Open-source client for running literature-grounded scientific research tasks on top of SciNet API.

Our KG backend is currently undergoing intensive deployment and testing, and will be released within one week! Thank you for your patient waiting!

✨ Overview

SciNet is a large-scale, multi-disciplinary, heterogeneous academic resource knowledge graph designed as a panoramic scientific evolution network. By integrating over 43M papers from 26 disciplines, and a total of 157M entites and 3B triplets, SciNet provides a structured topological cognitive substrate that dismantles disciplinary barriers and furnishes AI agents with a global perspective.

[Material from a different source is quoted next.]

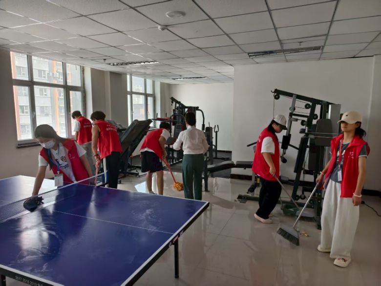 (图为“薪火暖耆程,赤诚护晚晴”团队打扫和静县养老院活动室 由三下乡团队队长王恩康摄)

Discipline Distribution in SciNet

Schema of SciNet

This repository provides a runnable client for several scientific research workflows, including idea evaluation, topic review, author discovery, author profiling, and idea generation.

The local client is responsible for:

building a structured request
calling a hosted SciNet API
running client-side post-processing such as reranking, PDF parsing, grounding, and Markdown report generation

Users do not need to connect to Neo4j or other database components directly.

🔍 Scope

This repository is intended to be a lightweight, runnable demo client.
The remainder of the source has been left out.